2.2 Homology and Similarity Tools The term homology implies a common evolutionary relationship between two traits -whether they are DNA sequences or bristle patterns on a fly's nose. Homologous sequences are sequences that are related by divergence from a common ancestor. Thus the degree of similarity between two sequences can be measured while their homology is a case of being either true or false. This set of tools can be used to identify similarities between novel query sequences of unknown structure and function; and database sequences whose structure and function have been elucidated. The following software tools are broadly used for homology and similarity searches. BLAST (Basic Local Alignment Search Tool) comes under the category of homology and similarity tools. It is a set of search programs used to perform fast similarity searches regardless of whether the query is for protein or DNA. Comparison of nucleotide sequences in a database can be performed. Also, a protein database can be searched to find a match against the queried protein sequence. NCBI has also introduced the new queuing system to BLAST (Q BLAST) that allows users to retrieve results at their convenience and format their results multiple times with different formatting options. Depending on the type of sequences to compare, there are different programs:     

blastp compares an amino acid query sequence against a protein sequence database blastn compares a nucleotide query sequence against a nucleotide sequence database blastx compares a nucleotide query sequence translated in all reading frames against a protein sequence database tblastn compares a protein query sequence against a nucleotide sequence database dynamically translated in all reading frames tblastx compares the six-frame translations of a nucleotide query sequence against the six-frame translations of a nucleotide sequence database.
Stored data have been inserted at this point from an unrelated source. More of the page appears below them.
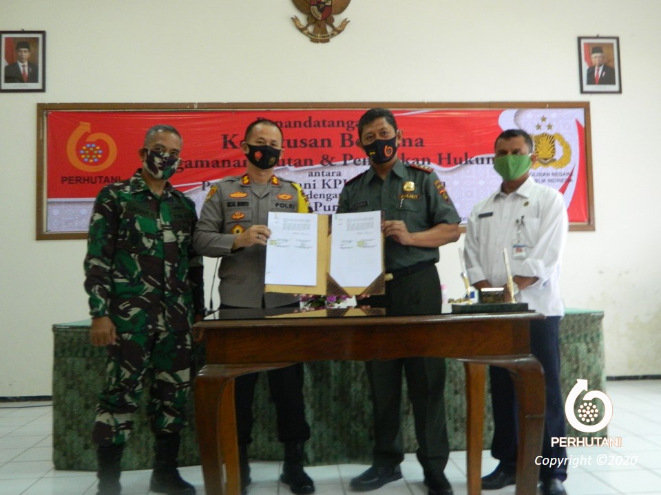 Penandatanganan dilaksanakan oleh Administratur KPH Kedu Selatan Yudha Suswardhanto dengan Kapolres Purworejo AKBP Rizal Marito. Hadir dan menyaksikan penandatanganan Dandim 0708, Kepala Badan Penanggulangan Bencana Daerah (BPBD) Kabupaten Purworejo, Kapolsek Bruno, Pituruh, Kemiri, Gebang, Bener, Loano, Kaligesing, Purwodadi, Ngombol dan Grabag.
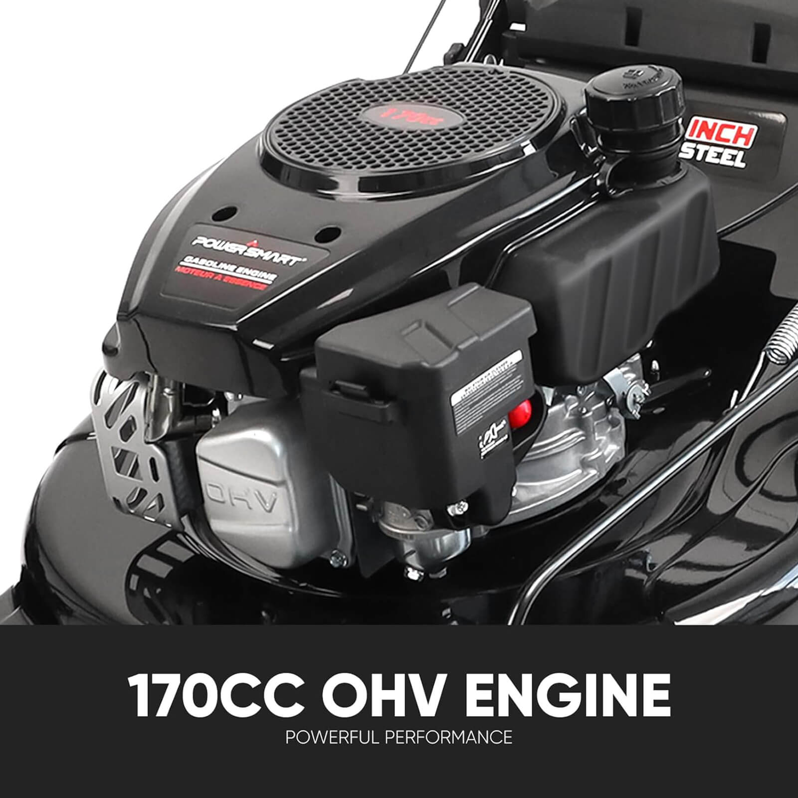 ● 170cc OHV Engine: Powerful 4-stroke motor with recoil starter & auto choke for effortless starts
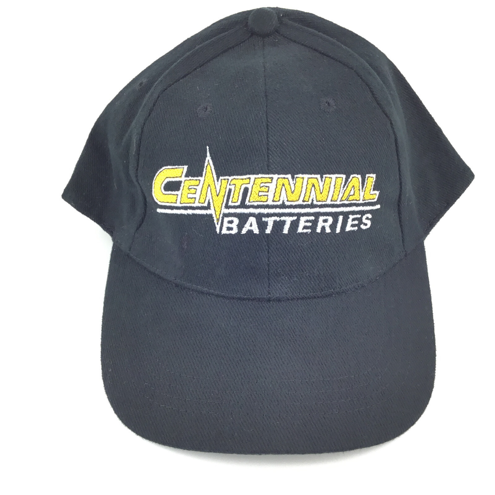Centennial Batteries Embroidered Logo Baseball Cap "Start With The Best" embroidered on the back P re-owned. Carefully hand-washed & air dried 100% Cotton Color: Black Adjustable strapback - fits most E bay 30-day return policy
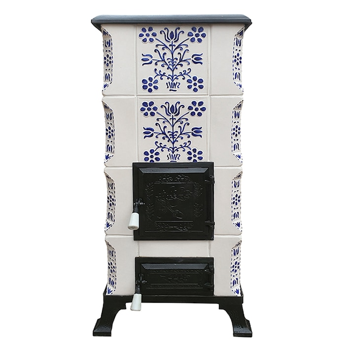 Soba teracota, Medias, portabila, model Sieben2, 6 kw, 44x44x114 cm, alb/albastru
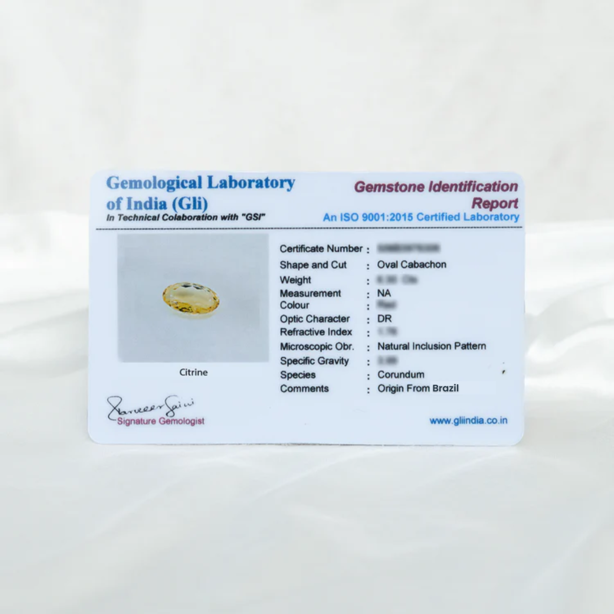 Prepaid orders are delivered on priority.Citrine (Sunela) is a bright yellow gemstone known to attract positivity, happiness, and abundance. It helps boost confidence, creativity, and energy for a joyful life. Our natural, certified citrines are carefully selected for their vibrant color and clarity.
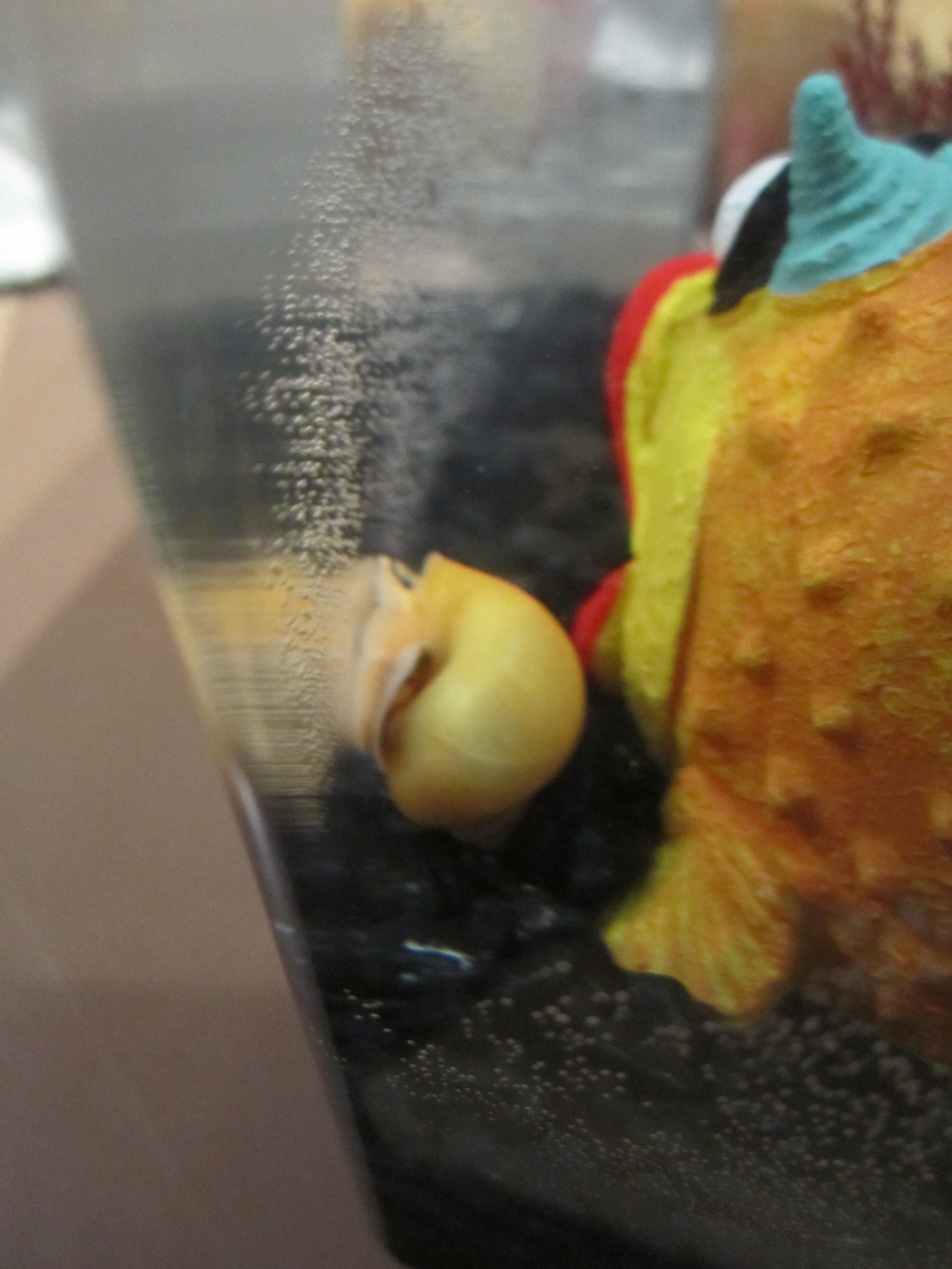Ms. S. Cargo is some sort of mystery snail, which is apparently the actual name of this breed of gastropod, and she’s pretty yellow and pretty cute too. She has speckles on what I assume is her face, so she fits in around here. I had a snail cleaning up after my goldfish years ago, and my friend remembered how cool I thought my former snail was and picked out Stevie for me.

FASTA stands for FAST homology search All sequences. An alignment program for protein sequences was created by Pearsin and Lipman in 1988. The program is one of the many heuristic algorithms proposed to speed up sequence comparison. The basic idea is to add a fast prescreen step to locate the highly matching segments between two sequences, and then extend these matching segments to local alignments using more rigorous algorithms such as Smith-Waterman. FASTA can be very specific when identifying long regions of low similarity especially for highly diverged sequences. You can also conduct sequence similarity searching against nucleotide databases or complete proteome/genome databases using the FASTA programs. ENA Sequence Search allows you to search against all nucleotide sequences in the European Nucleotide Archive (ENA). 8

SSEARCH/GGSEARCH/GLSEARCH: Provides sequence similarity searching against protein databases using the FASTA and SSEARCH programs. SSEARCH does a rigorous Smith-Waterman search for similarity between a query sequence and a database. GGSEARCH compares a protein or DNA sequence to a sequence database producing global-global alignment (Needleman-Wunsch). GLSEARCH compares a protein or DNA sequence to a sequence database.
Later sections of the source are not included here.